Impact stress tests reflect that ample capital buffers at North American property-casualty (P&C) insurers and reinsurers should make any fallout from COVID-19 manageable for those companies, according to S&P Global Ratings.

Financial market turmoil and the ensuing recession pose a greater pitfall to those insurers and reinsurers than underwriting exposure to COVID-19 pandemic risk, S&P said.

The rating agency said it doesn't anticipate significant rating activity for North American P&C insurers and reinsurers as a result of the pandemic, though the outbreak could hurt some outliers and insurers already facing ratings pressures before the coronavirus hit.

S&P said it's maintaining its stable outlook for the North American property-casualty insurance and reinsurance sectors. "We are less likely to lower ratings because of the capital adequacy of the sector as a whole, which was at a record high as of year-end 2019," S&P said in its comments. "We also foresee that the rate increases made in 2019 will reap earnings in 2020 on an earned basis, providing a slight tailwind."

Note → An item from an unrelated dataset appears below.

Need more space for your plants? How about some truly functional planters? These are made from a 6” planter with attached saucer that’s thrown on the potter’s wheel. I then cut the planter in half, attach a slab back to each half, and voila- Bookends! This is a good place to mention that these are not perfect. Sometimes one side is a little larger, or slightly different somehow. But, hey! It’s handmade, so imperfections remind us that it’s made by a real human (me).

In addition, S&P said it believes that the sector's underwriting exposure to the fallout from the COVID-19 outbreak is a small portion of the industry's business mix and should have only a modest impact on earnings.

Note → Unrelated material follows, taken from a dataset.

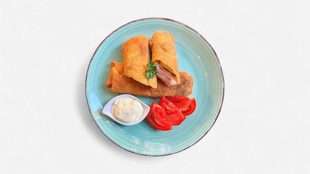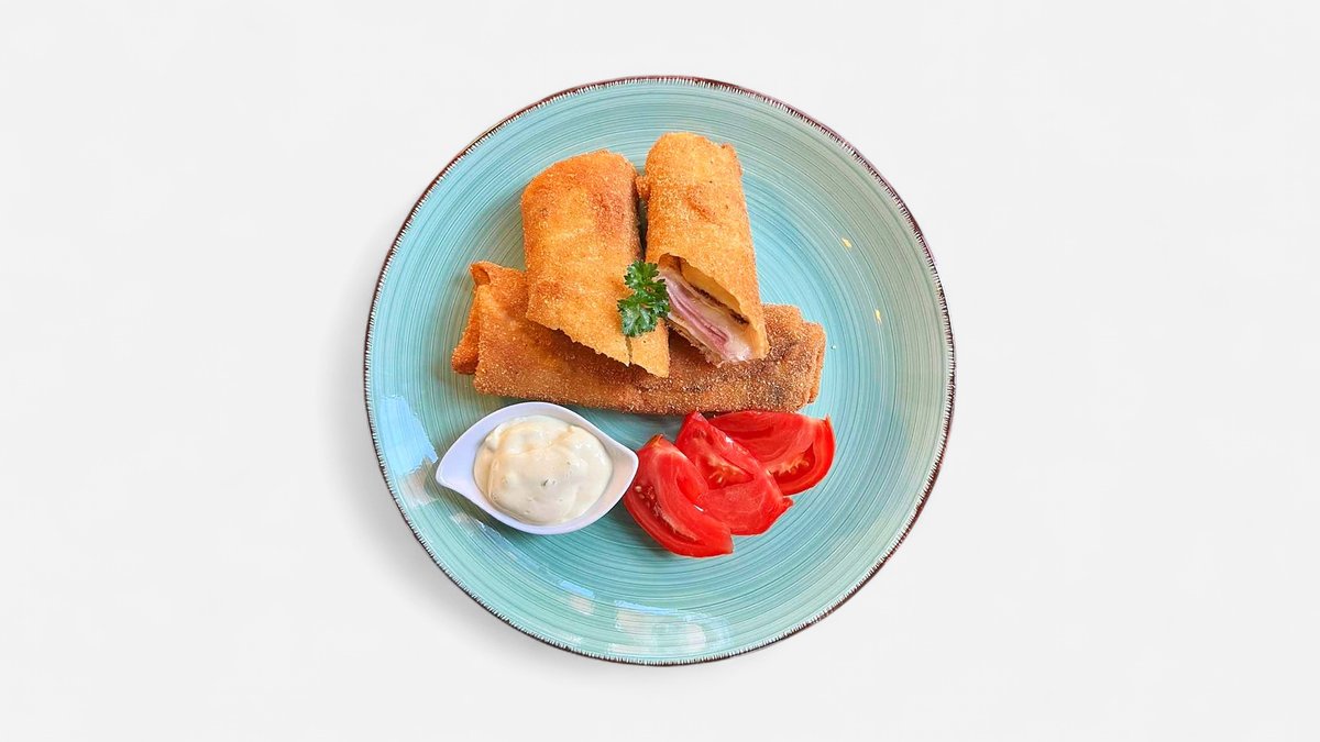 2 pohovane palačinke, suvi vrat, kačkavalj, paradajz, kečap, majonez

S&P said it thinks PC insurers are more resilient to recession than other industry sectors, though they do expect a decline in net premiums due to the anticipated sharp decline in economic activity resulting from social distancing measures taken to control the outbreak. "Growth in premiums tends to track GDP closely, and as such, insurance exposures will likely decline," S&P said.

The rating agency noted that while the COVID-19 pandemic has caused a significant increase in financial market volatility, the initial result of its stress tests show that the majority of North American reinsurers rated by S&P are able to maintain capital adequacy in line with their ratings.